You walk into a large, bright gallery full of large colorful portraits, portraits of men. They are fairly ordinary looking men. They could be from Western Asia or the “Middle East.”
You approach one and look at him for an instant. He looks normal, relaxed, almost expressionless, certainly expressing no very strong emotion.
Before you can look long, your eyes are drawn to the curving lines of words swirling around the canvas like leaves in water. You read words like these, twisting your head almost upside down to follow them:
“FROM THE TIME OF MORNING PRAYERS THEY WOULD DRAW A CIRCLE ON THE WALL, AND I HAD TO STAND ON MY TOES TWO HOURS WITH MY NOSE TOUCHING THE CIRCLE.”
You read on as more words flow around this one canvas. You read about dogs and cattle prods and death threats and harm to loved ones, sleep deprivation and confinement in a box and living human beings piled up like suitcases in a truck.
Then you look at all the other men and all the other words all around the gallery.
Then you look at their faces again.
And now you see the sadness, the resignation, the exhaustion, and the misery.
The scars on these torture victims are no more visible than the scars on those who tortured them. But they are made visible by this combination of portraits and painted words.
While former Vice President Dick Cheney canceled his threatened visit to Charlottesville this week, his handiwork came instead. An exhibition of Daniel Heyman’s paintings of Iraqis can be seen in the Ruffin Hall Gallery at the University of Virginia.

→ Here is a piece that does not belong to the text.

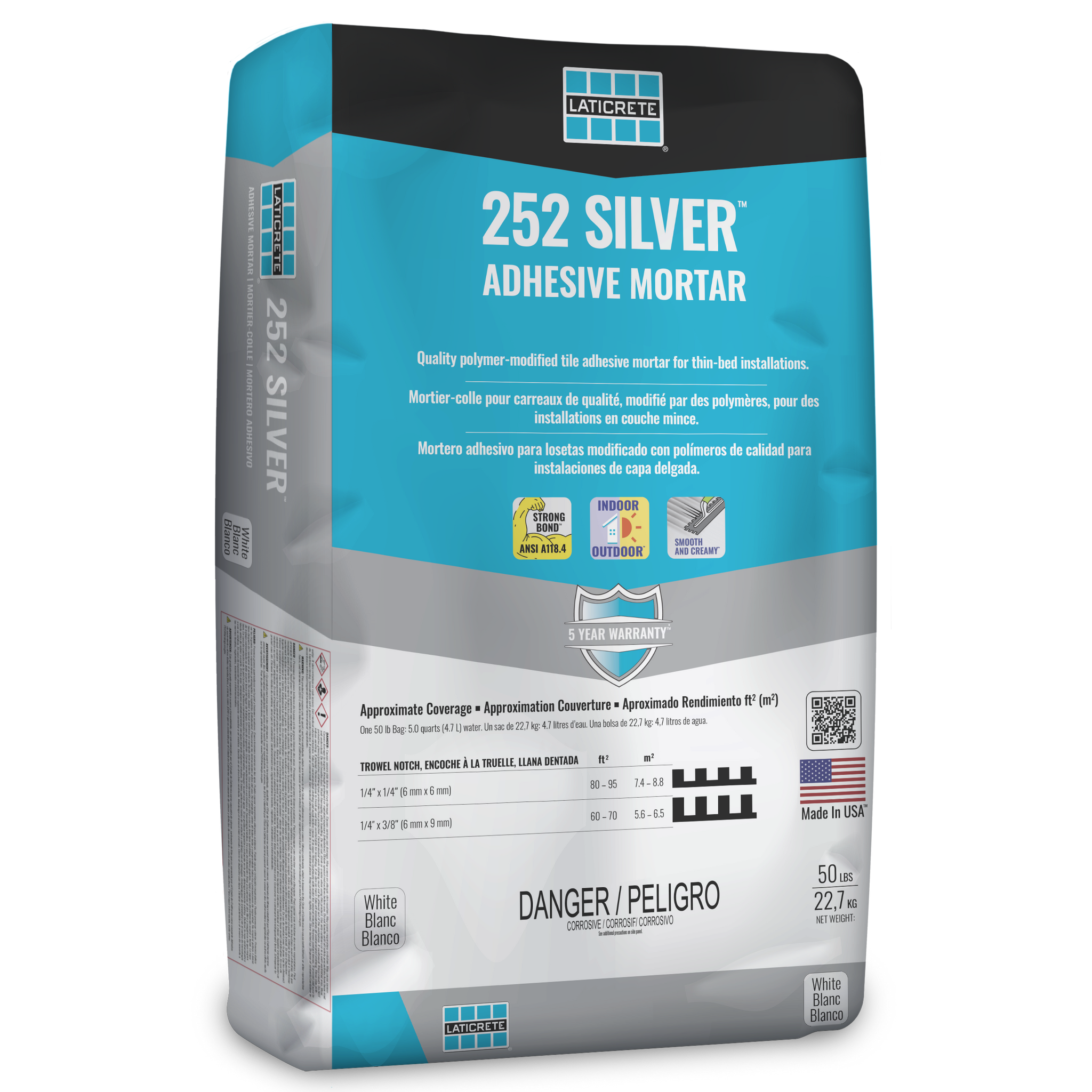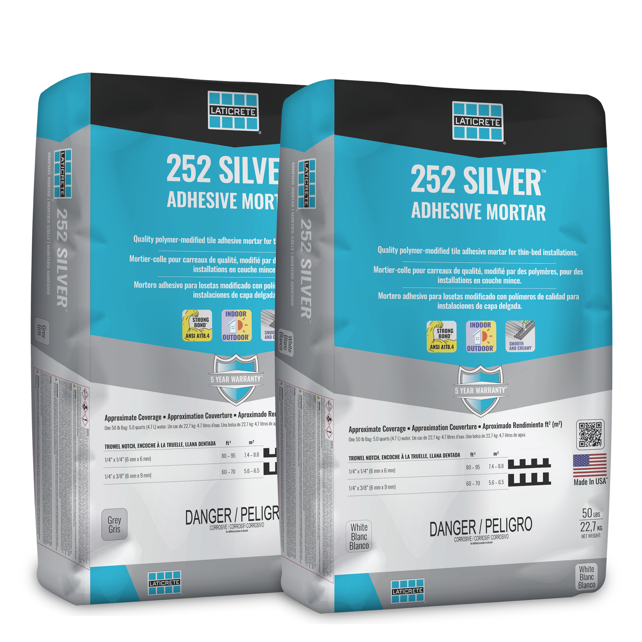 252 Silver is an economical polymer modified, bagged, cementitious thin-set powder to be mixed only with water using the thin-set method of installation.

Outside the gallery, people go on with their lives, some of them worried about their mortgage, some about their lack of one, some about the celebrity divorce du jour, and others especially concerned about Dick Cheney’s right to speak in public but free of any unpleasant questioning from those who have not yet internalized a culture of obedience and demonization of designated objects of fear.